Unexpected behaviour of encode()

Started by Bill Moranabout 13 years ago7 messagesgeneral
Jump to latest
#1Bill Moran
wmoran@potentialtech.com

psql -U postgres
psql (9.2.3)
Type "help" for help.

postgres=# select encode('can''t', 'escape');
encode
--------
can't
(1 row)

I observed the same behaviour on one of our older systems (8.3.11) as well.

Am I missing something?

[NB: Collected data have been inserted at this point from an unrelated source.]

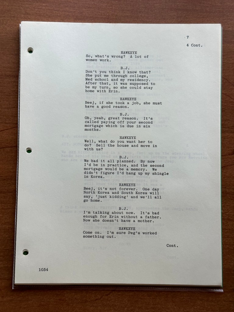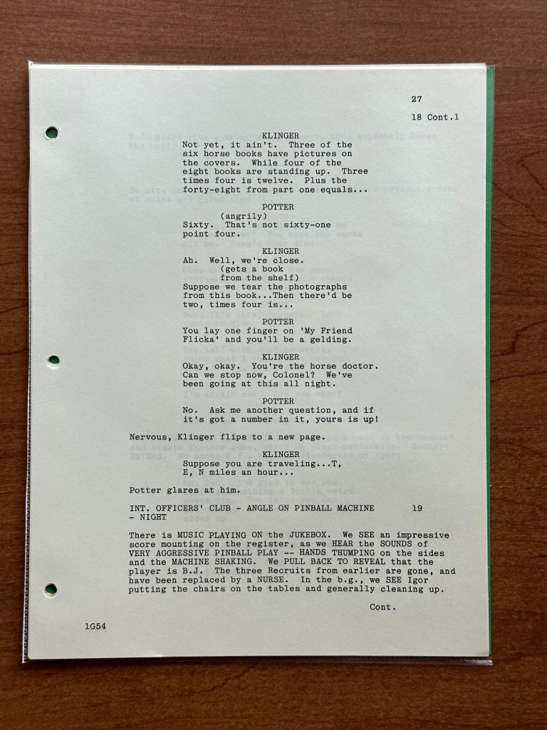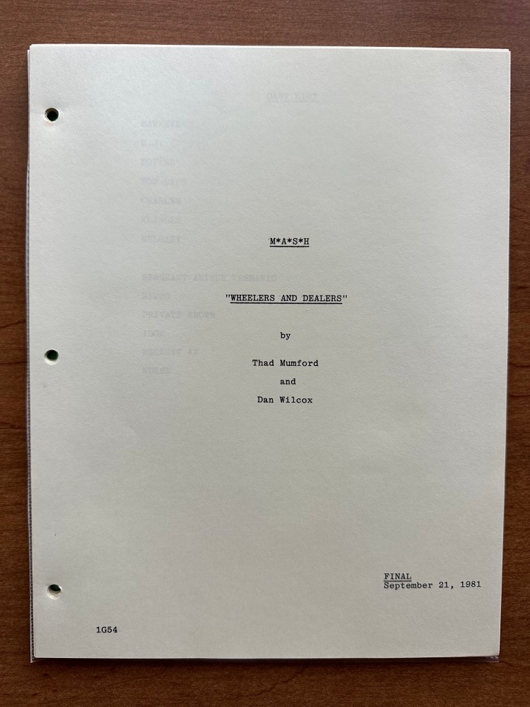 The original script is a final draft dated September 21, 1981. The episode was directed by Charles S. Dubin and written by the writing team of Thad Mumford and Dan Wilcox. Dubin is credited with directing an incredible 44 episodes of the series. Mumford and Wilcox were just as prolific with 36 writing credits to their names. By season ten, Karen Hall was a story editor for the series as well. The writing of M*A*S*H was just as vital as the acting, and the focus on the importance of strong writing was instilled by Larry Gelbart and continued after he left the series.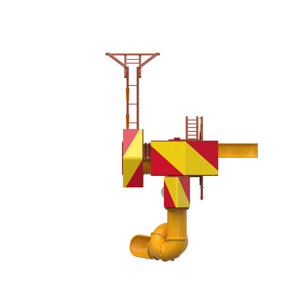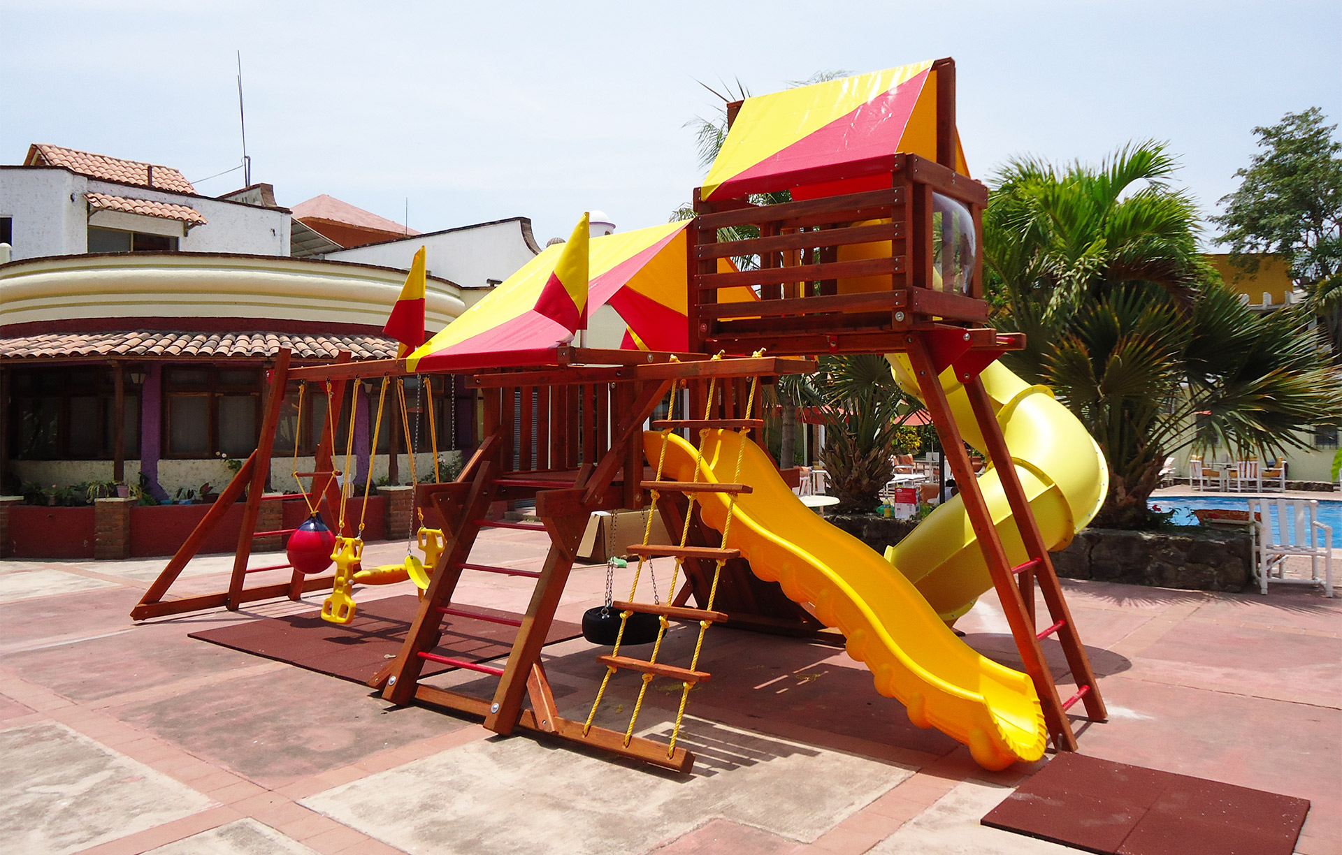 Juego de madera con tobogán, una resbaladilla, 2 columpios, un trepador, un columpio de llanta, una rampa trepador, un pasamanos, una burbuja de acrílico, unos binoculares y un volante. Estructura de madera de pino amarillo estufada y tratada para exteriores, resane y recubrimiento en pintura red wood.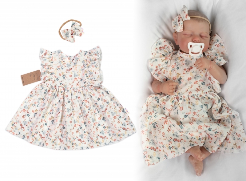 Mušelínové šatičky + čelenka 2-dílná sada Luční kvítky, Baby Nellys, smetanové, vel. 98; 98 (2-3r)

I expected "can''t" as the output.

--
Bill Moran
http://www.potentialtech.com
http://people.collaborativefusion.com/~wmoran/

--
Sent via pgsql-general mailing list (pgsql-general@postgresql.org)
To make changes to your subscription:
http://www.postgresql.org/mailpref/pgsql-general

#2Merlin Moncure
mmoncure@gmail.com
In reply to: Bill Moran (#1)
Re: Unexpected behaviour of encode()

On Tue, Mar 26, 2013 at 12:47 PM, Bill Moran <wmoran@potentialtech.com> wrote:

psql -U postgres
psql (9.2.3)
Type "help" for help.

postgres=# select encode('can''t', 'escape');
encode
--------
can't
(1 row)

I observed the same behaviour on one of our older systems (8.3.11) as well.

Am I missing something? I expected "can''t" as the output.

why? that isn't what you passed it. the input string doubled single
quotes is converted to single single quote per spec. it's 'ghetto
escaping'.

merlin

--
Sent via pgsql-general mailing list (pgsql-general@postgresql.org)
To make changes to your subscription:
http://www.postgresql.org/mailpref/pgsql-general

#3Bill Moran
wmoran@potentialtech.com
In reply to: Merlin Moncure (#2)
Re: Unexpected behaviour of encode()

In response to Merlin Moncure <mmoncure@gmail.com>:

On Tue, Mar 26, 2013 at 12:47 PM, Bill Moran <wmoran@potentialtech.com> wrote:

psql -U postgres
psql (9.2.3)
Type "help" for help.

postgres=# select encode('can''t', 'escape');
encode
--------
can't
(1 row)

I observed the same behaviour on one of our older systems (8.3.11) as well.

Am I missing something? I expected "can''t" as the output.

why? that isn't what you passed it. the input string doubled single
quotes is converted to single single quote per spec. it's 'ghetto
escaping'.

Not sure what you mean by "ghetto secaping" ... but doubling up a '
is the SQL standard escaping method, AFAIK.

If I just do:
SELECT 'can''t'::text;
I get "can't" which is what I'd expect. I would then expect
encode to escape the ' somehow. Even c-style escaping, like
"can\'t" would have been less surprising to me.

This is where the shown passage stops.